What makes this possible is not a discovery about light. It is a discovery about a class of materials that sits, electrically speaking, exactly halfway between a metal and an insulator.

The short version: Semiconductors have a band gap, an energy threshold a photon must exceed to knock an electron free and make it available to carry current. Silicon’s band gap of 1.1 electron-volts aligns well with the peak of the solar spectrum, allowing it to absorb most visible and near-infrared light. In a solar cell, a deliberately engineered internal electric field then forces those freed electrons to travel in one direction rather than recombining at random, producing a sustained electrical current. Under real-world outdoor conditions, commercial silicon cells convert between 18 and 22 percent of incoming sunlight into electricity.

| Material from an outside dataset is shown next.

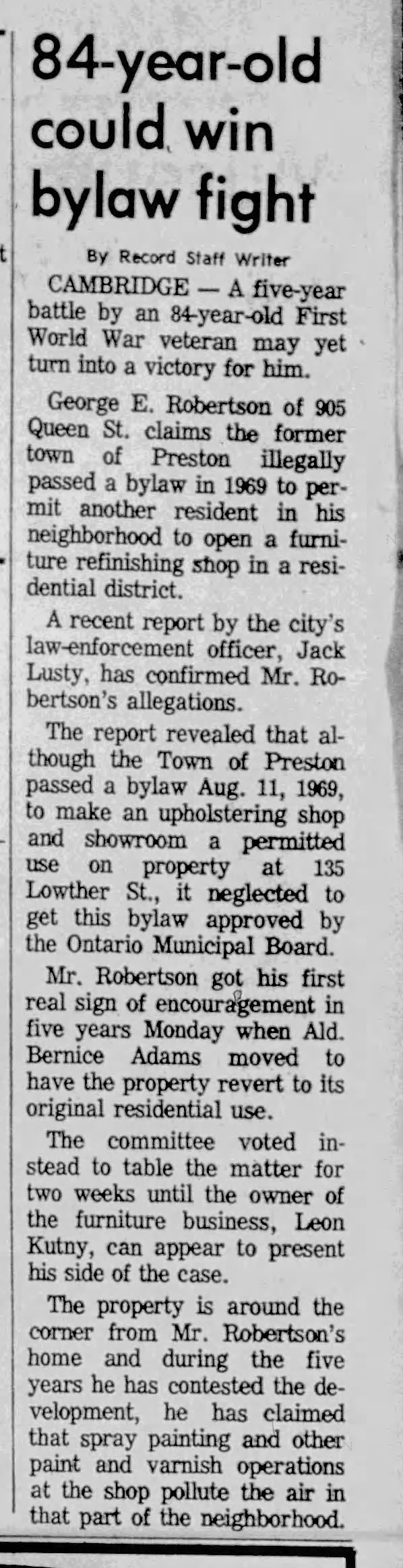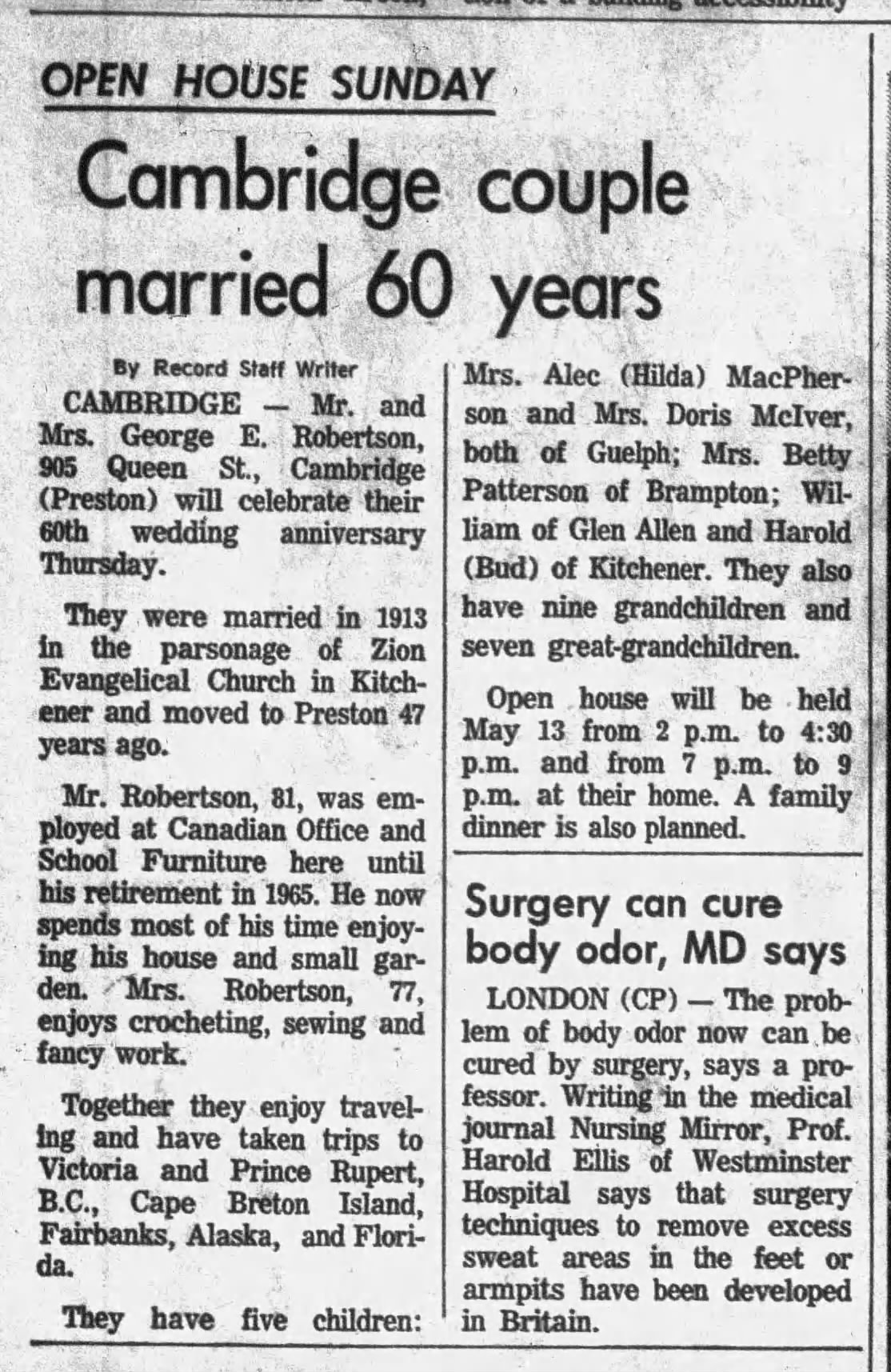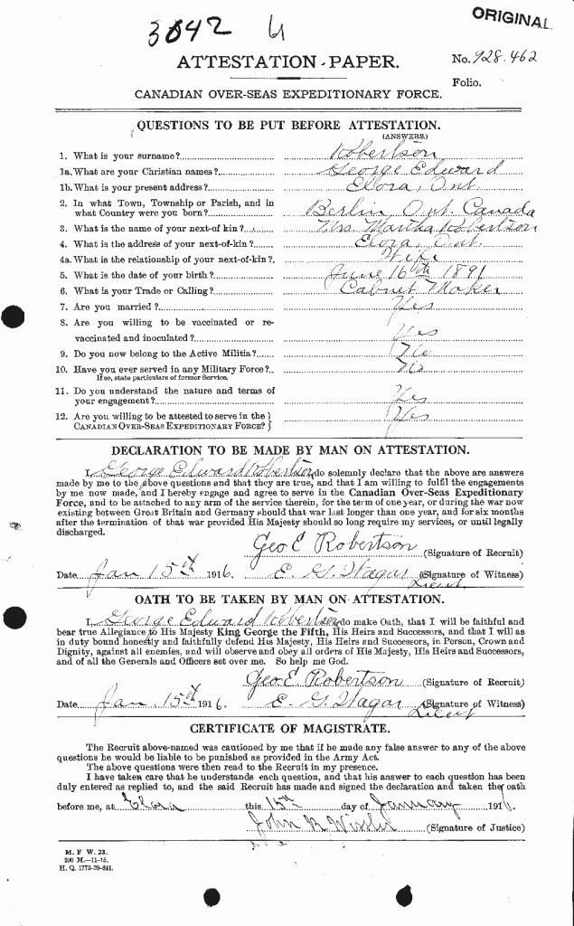 Family Search: When Private George Edward Robertson was born on 16 June 1891, in Kitchener, Waterloo, Ontario, Canada, his father, George Charles Marr Stophani Robertson, was 24 and his mother, Lydia Heyer, was 23. He married Martha Heiser on 9 May 1913, in Kitchener, Waterloo, Ontario, Canada. They were the parents of at least 2 sons and 4 daughters. He lived in Ontario, Canada in 1891 and Preston, Waterloo, Ontario, Canada in 1931. He registered for military service in 1916. In 1916, at the age of 25, his occupation is listed as cabinet maker. He died on 21 November 1979, in Cambridge, Waterloo, Ontario, Canada, at the age of 88, and was buried in Parklawn Cemetery, Cambridge, Waterloo, Ontario, Canada.

Why Semiconductor Band Gaps Determine What Light Gets Absorbed

Electrical conductivity is not simply on or off. The distinction between a metal, a semiconductor, and an insulator comes from the quantum mechanical structure of the material, specifically from how electrons are arranged in energy bands and how much energy separates the occupied states from the states where electrons can move freely.

In a metal like copper, electrons at the top of the energy distribution already occupy the conduction band. They move with almost no encouragement, which is why copper wires carry current so efficiently. In an insulator like quartz glass, a wide gap separates the highest occupied states from the conduction band. Visible light photons do not carry enough energy to bridge it, which is why glass is transparent and does not conduct. Semiconductors sit between these two extremes. Their gap is narrow enough that photons of visible and near-infrared light can bridge it, but wide enough that the material is not a conductor in the dark.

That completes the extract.